The other dead gambling bills include:
• HB 1820, which would grant a 10-year license for a members-only casino in Waikiki. It was never scheduled for House committees.
• HB 2485 and Senate Bill 2310, which would establish a state lottery commission. Neither were scheduled for committees.
• HB 2040 and SB 2365, which would establish a Hawaii Lottery and Gaming Corporation. Neither were scheduled for committees.
• HB 2004 and SB 3028, which would establish an online fantasy sports betting program.
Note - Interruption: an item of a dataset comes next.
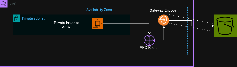 A gateway endpoint is a route table entry that sends S3 traffic directly to S3 via AWS's internal network. No NAT, no internet gateway, no public IPs. Your instance makes an S3 API call, the route table sends it to the endpoint, and S3 responds on the same path.

The Senate bill was never scheduled for committees, while the House bill was deferred by the House Committee on Economic Development.
• HB 1973, which would allow the Department of Business, Economic Development and Tourism to regulate sports betting. Never scheduled for House committees.
All but two crypto-related bills are dead. The survivors are HB 2108, which would establish a licensing program for virtual currency companies in the state, and SB 2695, which would establish a Blockchain and Cryptocurrency Task Force.
The others include:
• SB 2698, which would prohibit any encumbrance on the right to possess and use any “medium of exchange.” Deferred by the Senate Committee on Energy, Economic Development and Tourism.
• SB 3076, a companion bill to HB 2108. Deferred by two Senate committees to focus on HB 2108.
• HB 2287 and SB 2697, which would exclude virtual currencies from the Money Transmitters Act. The House bill was never scheduled for committees, but the Senate bill passed its first committee and second reading in the Senate before being deferred by its last two committees.
Nearly all marijuana- or cannabis-related bills are dead. The exceptions include HB 2260, which refines interisland marijuana transportation regulations, and SB 629, which allows caregivers and out-of-state patients to access dispensary waiting rooms.
Other dead bills include:
• SB 2718, which would exempt people aged 65 or older from needing a debilitating medical condition to obtain medical marijuana. Passed its first Senate committee, but was never scheduled for its second.
• HB 1578 and SB 3356, which would allow in-vehicle receipt of medical marijuana. Both passed their respective first committees and were never scheduled for their second.
• HB 2053, which would allow dispensaries to distribute cannabis cuttings to licensed growers. The House Committee on Commerce and Consumer Protection voted not to recommend its passage.
• HB 1957 and SB 3257, which would designate June 14 as “Medical Cannabis Day.” The Senate bill was never scheduled for its sole Senate committee, but the House bill passed its first House committee until the Committee on Judiciary and Hawaiian Affairs voted not to recommend it.
A pair of bills, SB 2438 and HB 1944, would have required sellers of “emotional support” animals to provide disclaimers demonstrating that the animal is not a service animal. The House bill was never scheduled for committees, but the Senate bill passed second reading in the Senate before stalling.
While some companion bills have been discarded in favor of their counterparts, nearly all proposed electric vehicle measures remain active. The exceptions include:
• HB 1901 and SB 3009, which would have banned the sale of two-stroke engines in the state by 2024. Neither were scheduled for committees.
• HB 1938 and SB 2803, which would have required all state, county and private bus operators to transition to zero-emission fleets by 2045. The House bill never made any progress, but the Senate bill passed second reading in the Senate before stalling.
Two of the fireworks bills previously covered by the Tribune-Herald have died. Those are:
• HB 1696, which would increase fireworks permit fees, was not recommended by the House Finance Committee.
• HB 1969, which would have required the counties to offer monetary rewards for reporting the illegal use of fireworks, was similarly not recommended by the House Finance Committee.
• SB 2994, which would have required the Department of Land and Natural Resources to investigate the connection between sheep and palila populations on Maunakea, has died, having never been scheduled for committees.